Anthony Brown, Ph.D.
Associate Professor
Department of Neuroscience and
Center for Molecular Neurobiology
Degree: King's College, University of London
Postdoctoral Training: Case Western Reserve University and Temple University
Phone: (614) 292 1205
Fax: (614) 292-5379
Email: brown.2302@osu.edu
Link to NLM PubMed publications list for Tony Brown (last 10 years)
Research Area:
The mechanism of slow axonal transport
Current Research:
Cytoskeletal and cytosolic proteins are synthesized in the cell body of nerve cells and transported out along the axons by slow axonal transport. This movement is essential for the growth and survival of axons and continues throughout the life of the neuron, but the mechanism is not known.
Our most recent studies have focused on the axonal transport of neurofilaments, which are one of three classes of cytoskeletal polymers that comprise the neuronal cytoskeleton. Abnormalities in the axonal transport of neurofilaments are thought to underlie the etiology of a number of neurodegenerative diseases, most notably amyotrophic lateral sclerosis (Lou Gehrig's disease).

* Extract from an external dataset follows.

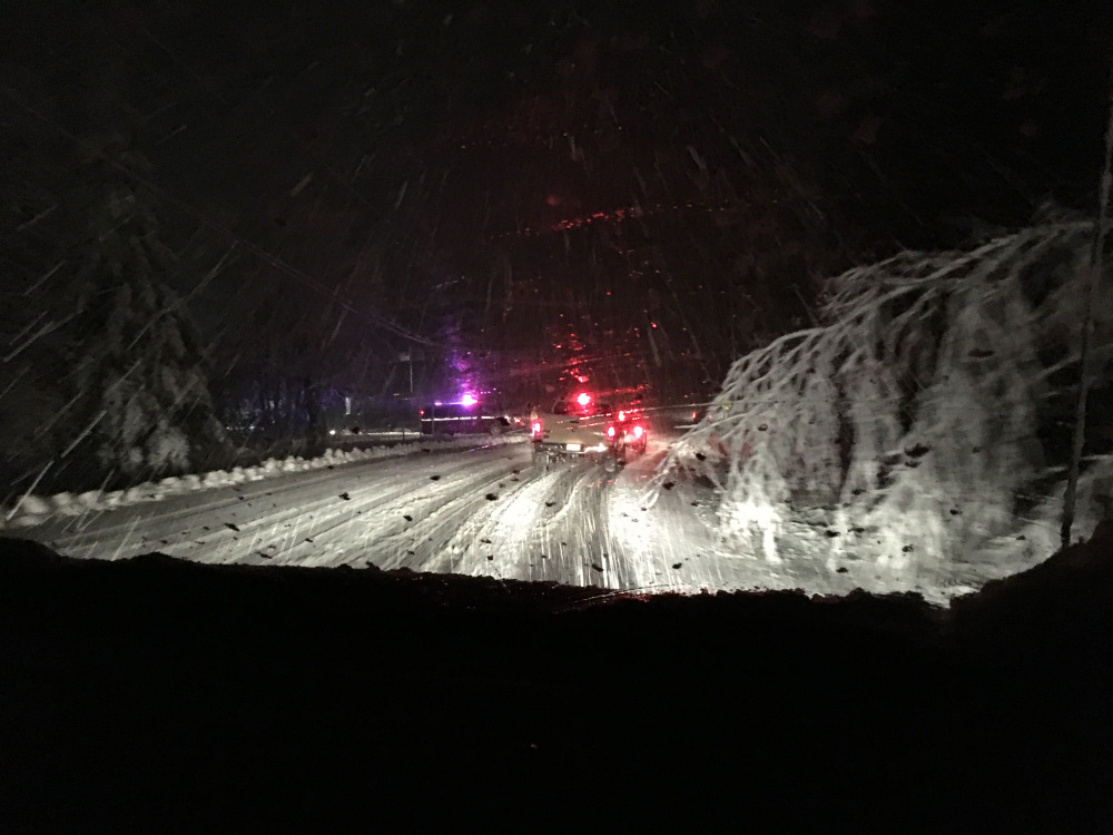 We drove back to the hotel to shower before the banquet thinking the weekend adventures were over but we were wrong. We were staying in Lake Placid at the Cascade Inn. Taking a shower was uneventful (great water pressure!) but shortly after that the power went out. Then it started to pour down. The rain was so heavy that we needed an umbrella to get from the car to the banquet. While we were in the banquet they announced that ironically it was now snowing. When we left the banquet it was a total white out of thick, heavy (perfect for snowballs) snow. On the drive from Saranac Lake to Lake Placid Harold drove and tried to see the middle of the road to make sure we did not cross it. I tried to spot the side of the road to make sure we did not go off it. There was nowhere to pull off so we kept going slowly. There were big trees falling down on to the road. We passed a couple which were completely blocking the other side of the road.

We have succeeded in observing the slow axonal transport of GFP-tagged neurofilament protein in cultured nerve cells. Our data indicate that neurofilament proteins move as assembled polymers, an issue that has been the subject of considerable controversy for many years. Contrary to expectations, the neurofilaments move very rapidly, but they also spend most of their time not moving. Based on these observations, we have proposed a "stop and go" model for slow axonal transport in which the slow rate is actually due to rapid movements interrupted by prolonged pauses.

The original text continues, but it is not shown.